**Task to carry out:** For the material below, the expected output is exactly the lines between the line holding "图1 水解流程示意 1.水解器;" and the line holding "安美铝材清洗剂-保立净810", inclusive, with pictures left out.

**Study material:**
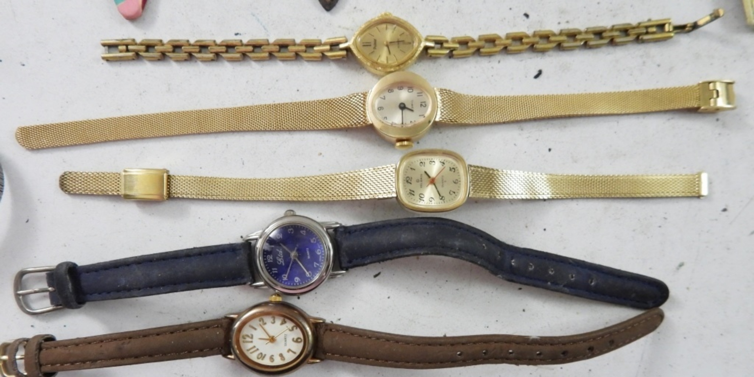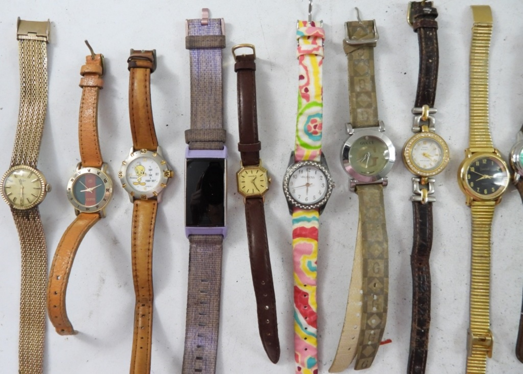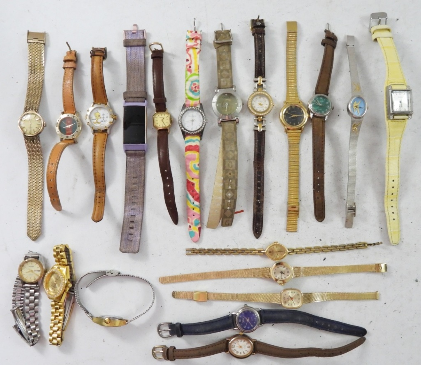 20 ASSORTED LADIES WATCHES ,VARIOUS COLORS AND STYLES, BOTH GOLD AND SILVER TONE .NOT TESTED AS TO WORKING OR NOT
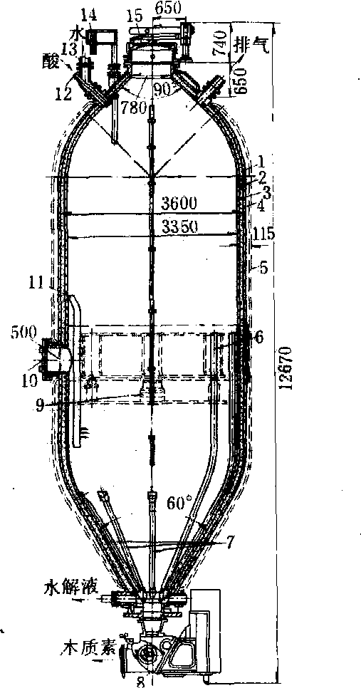 图1 水解流程示意 1.水解器; 2.皮带送料机; 3.水力排渣阀; 4.木质素喷放仓; 5.高压闪蒸器; 6.低压闪蒸器; 7.高压换热器; 8.低压换热器; 9.回用水槽; 10.泵; 11.进水高压泵; 12.热水器; 13.贮酸槽; 14.计量器; 15.柱塞 泵;16.水酸混合器 水解器是水解生产的关键设备,在苏联该项设备在向系列化、大型化方向发展。常见的计有容积为18、20、30、37、40、50、70、80及160立方米9种。70立方米容积水解器结构见图2。
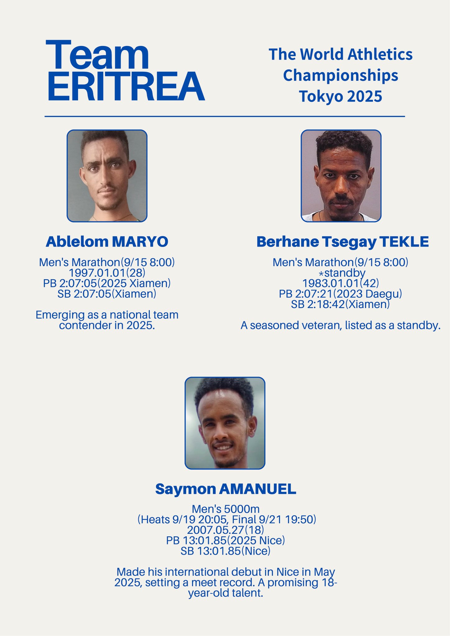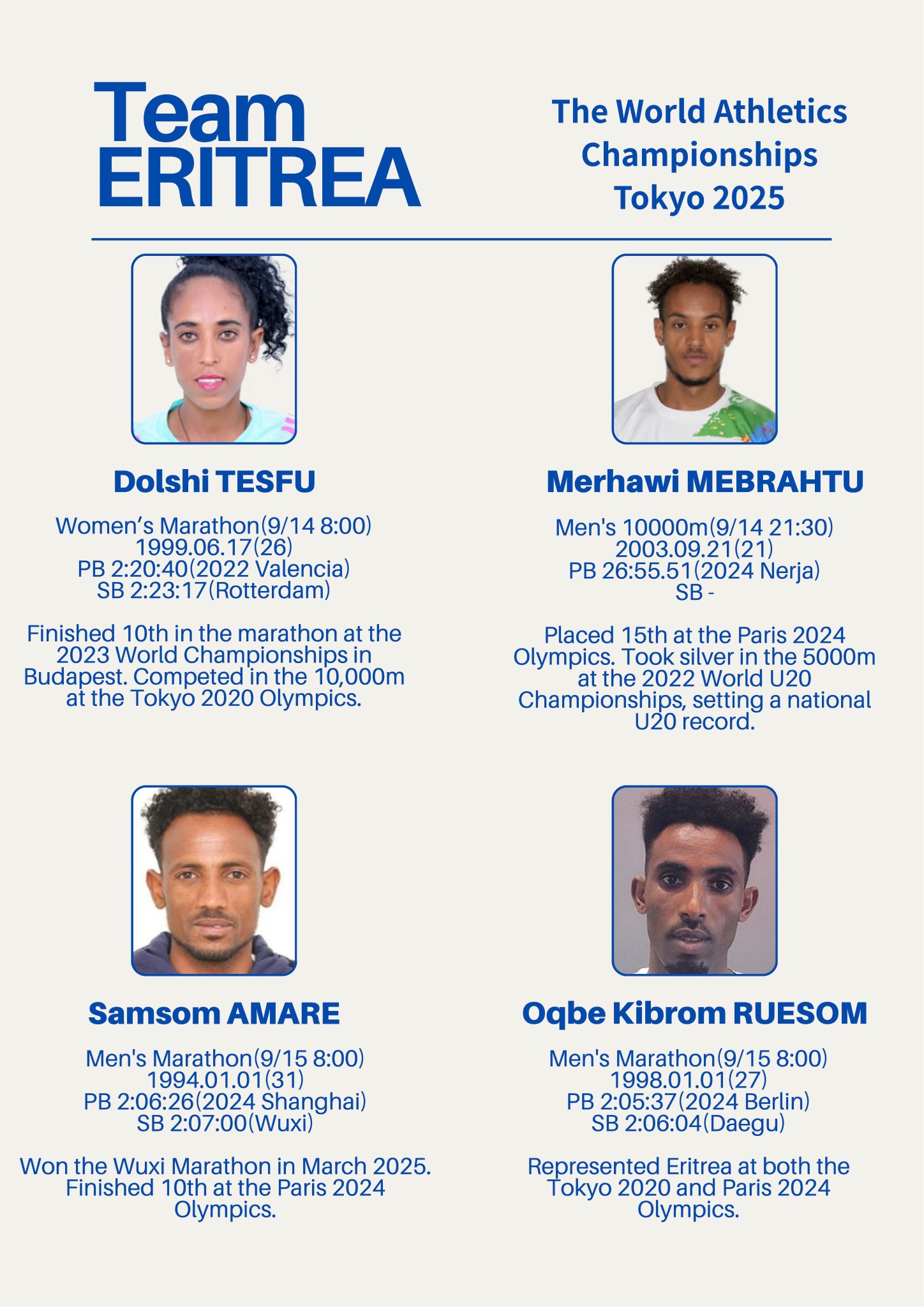 The countdown is on! Tokyo hosts the World Athletics Championships 2025, from September 13. Team 🇪🇷 ERITREA, is ready to race on the world stage. Your support will power their race!
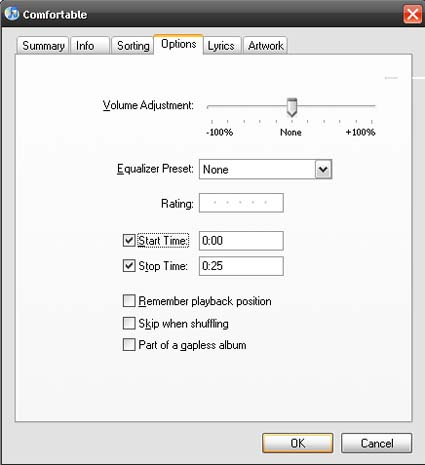 4.Selezionate la sezione della canzone che volete usare come suoneria. Settate quindi il giusto tempo di start e di stop del file. Cliccate su OK quando avete finito.
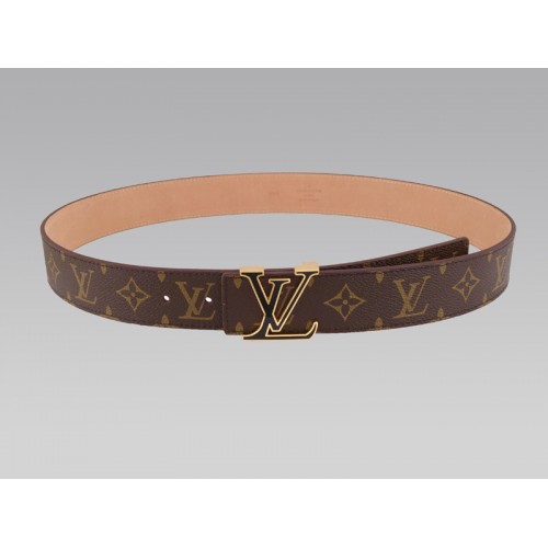 Cinturón Louis Vuitton con monograma inicial y hebilla negra y dorada
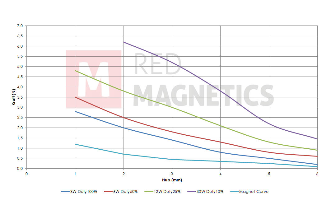 Ein integrierter Permanentmagnet hält den Tauchkern in eingefahrenem Zustand. Leicht bistabile Eigenschaften erhält er durch eine Rückholfeder.
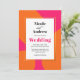 Ponha o tom para uma fabulosa celebração do dia de casamento com este vibrante esquema de cores de rosa quente e laranja. Este convite colorido tem uma aparência de designer com formas laranja brilhantes arredondadas sobre um fundo rosa quente. O modelo de texto no tipo de nódoa contemporânea encara com uma vibração retrorreflectora e carregar o tema com beleza. A palavra "Casamento" é realçada em negrito cor-de-rosa-quente para corresponder à cor vibrante do convite.
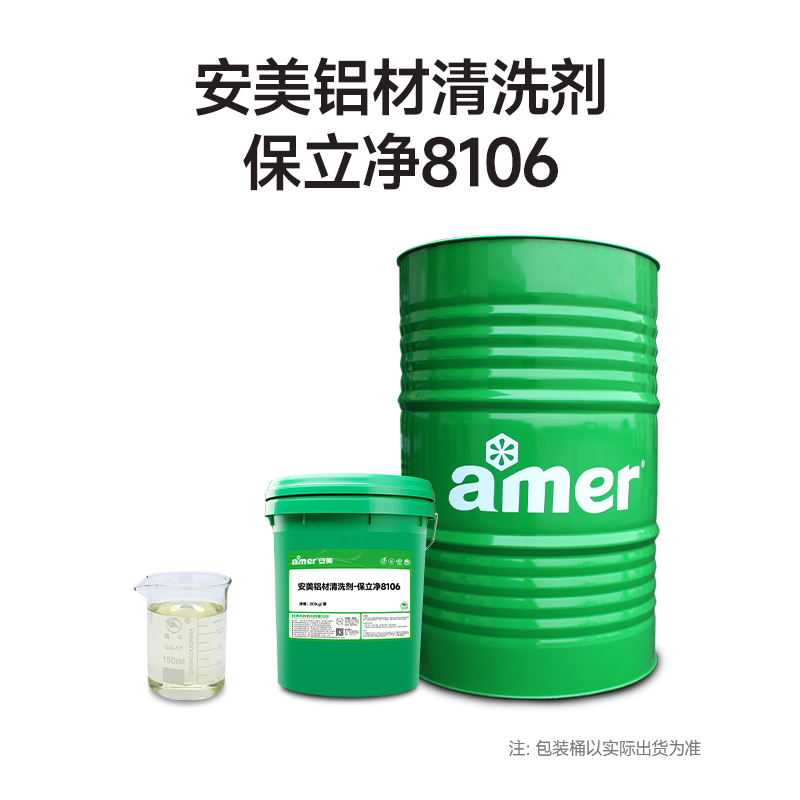 安美铝材清洗剂-保立净8106是由多种成分复配而成。含有剥离剂,渗透剂,缓蚀剂,活性剂等。不含酸性物质。能安全,快速的去除表面氧化层和污垢。使其表面清洁,光亮。
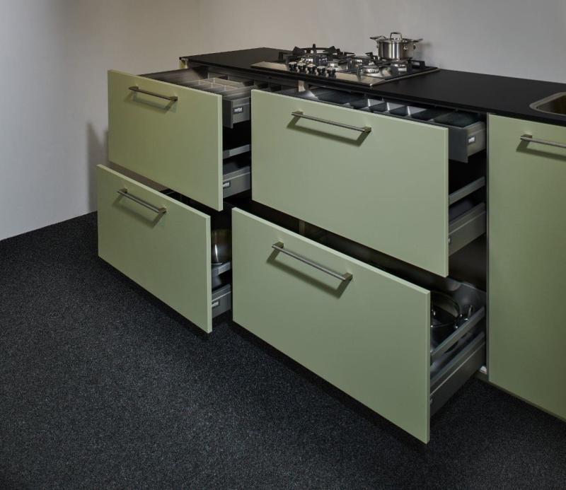 Brede ladekasten met binnenlade bieden extra opbergruimte zonder in te leveren op overzicht. De verborgen binnenlade is ideaal voor bestek of keukentools, terwijl de diepe lade daaronder ruimte biedt voor grotere spullen. Slim, strak en bijzonder functioneel.
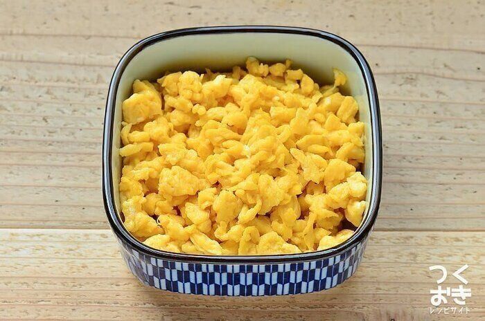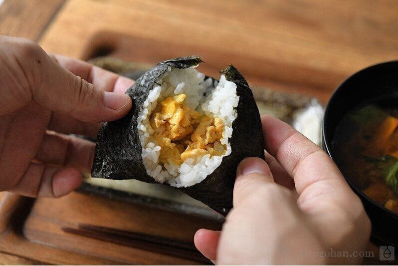 炒り卵はおにぎりの具と相性抜群です。このレシピの炒り卵は、面倒な下味不要で、できあがった炒り卵に醤油をかけるだけなので、失敗しらずでだれでも簡単につくれます。
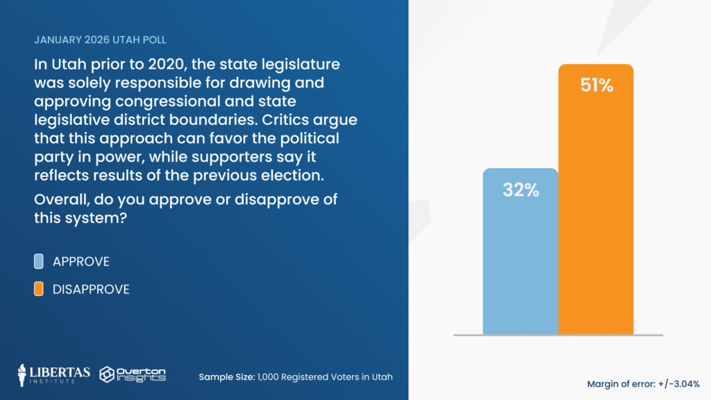 When it comes to redistricting, most Utah voters do not believe the state legislature should be solely responsible for the district boundaries because it favors the party in power. Fifty-one percent of voters disapproved of Utah’s system prior to 2020, which allowed the state legislature to set the redistricting map, while just 32% approved of it.
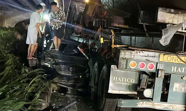 Tại hiện trường, ô tô con bị biến dạng, hư hỏng nặng, người trong xe phải thoát ra ngoài từ kính chắn gió của phương tiện. Phần đầu của xe đầu kéo cũng bị hư hỏng nặng.
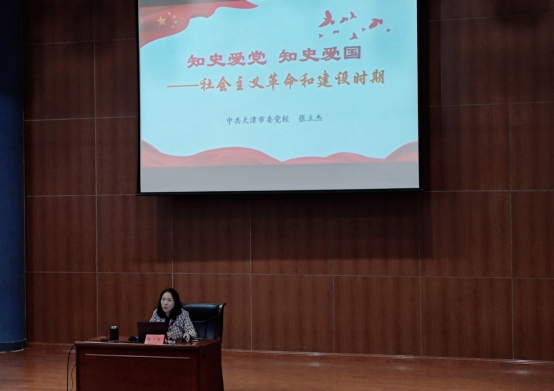 张教授从历史时期的划分、重大历史事件的解读、深刻认识经济体制改革、正确认识社会主义改造与社会主义改革的关系、正确把握改革开放前后两个历史时期的性质及相互关系、个人心得体会等方面带领学员学习了我国社会主义革命和建设时期历史,深刻领会我们党领导人民完成社会主义革命,确立社会主义基本制度,推进社会主义建设,实现中华民族由不断衰落到根本扭转命运、持续走向繁荣富强的伟大飞跃。张教授强调,要树立正确党史观,把党史上的重大事件、重要会议、重要人物放在所处时代和社会历史条件下去认识,深入理解和把握党的百年历史就是为了求得民族独立和人民解放、实现国家富强和人民幸福不断地探索、追求、奋斗的历史,是饱含曲折与艰辛、收获成功与辉煌的历史,是引领中华民族迎来了从站起来、富起来到强起来伟大飞跃的历史,也是党自身从小到大、由弱到强、不断发展壮大的历史,要从党史学习中总结历史经验、把握历史规律,增强开拓前进的勇气和力量。

**Output of the exercise:**
 图1 水解流程示意 1.水解器; 2.皮带送料机; 3.水力排渣阀; 4.木质素喷放仓; 5.高压闪蒸器; 6.低压闪蒸器; 7.高压换热器; 8.低压换热器; 9.回用水槽; 10.泵; 11.进水高压泵; 12.热水器; 13.贮酸槽; 14.计量器; 15.柱塞 泵;16.水酸混合器 水解器是水解生产的关键设备,在苏联该项设备在向系列化、大型化方向发展。常见的计有容积为18、20、30、37、40、50、70、80及160立方米9种。70立方米容积水解器结构见图2。
 The countdown is on! Tokyo hosts the World Athletics Championships 2025, from September 13. Team 🇪🇷 ERITREA, is ready to race on the world stage. Your support will power their race!
 4.Selezionate la sezione della canzone che volete usare come suoneria. Settate quindi il giusto tempo di start e di stop del file. Cliccate su OK quando avete finito.
 Cinturón Louis Vuitton con monograma inicial y hebilla negra y dorada
 Ein integrierter Permanentmagnet hält den Tauchkern in eingefahrenem Zustand. Leicht bistabile Eigenschaften erhält er durch eine Rückholfeder.
 Ponha o tom para uma fabulosa celebração do dia de casamento com este vibrante esquema de cores de rosa quente e laranja. Este convite colorido tem uma aparência de designer com formas laranja brilhantes arredondadas sobre um fundo rosa quente. O modelo de texto no tipo de nódoa contemporânea encara com uma vibração retrorreflectora e carregar o tema com beleza. A palavra "Casamento" é realçada em negrito cor-de-rosa-quente para corresponder à cor vibrante do convite.
 安美铝材清洗剂-保立净8106是由多种成分复配而成。含有剥离剂,渗透剂,缓蚀剂,活性剂等。不含酸性物质。能安全,快速的去除表面氧化层和污垢。使其表面清洁,光亮。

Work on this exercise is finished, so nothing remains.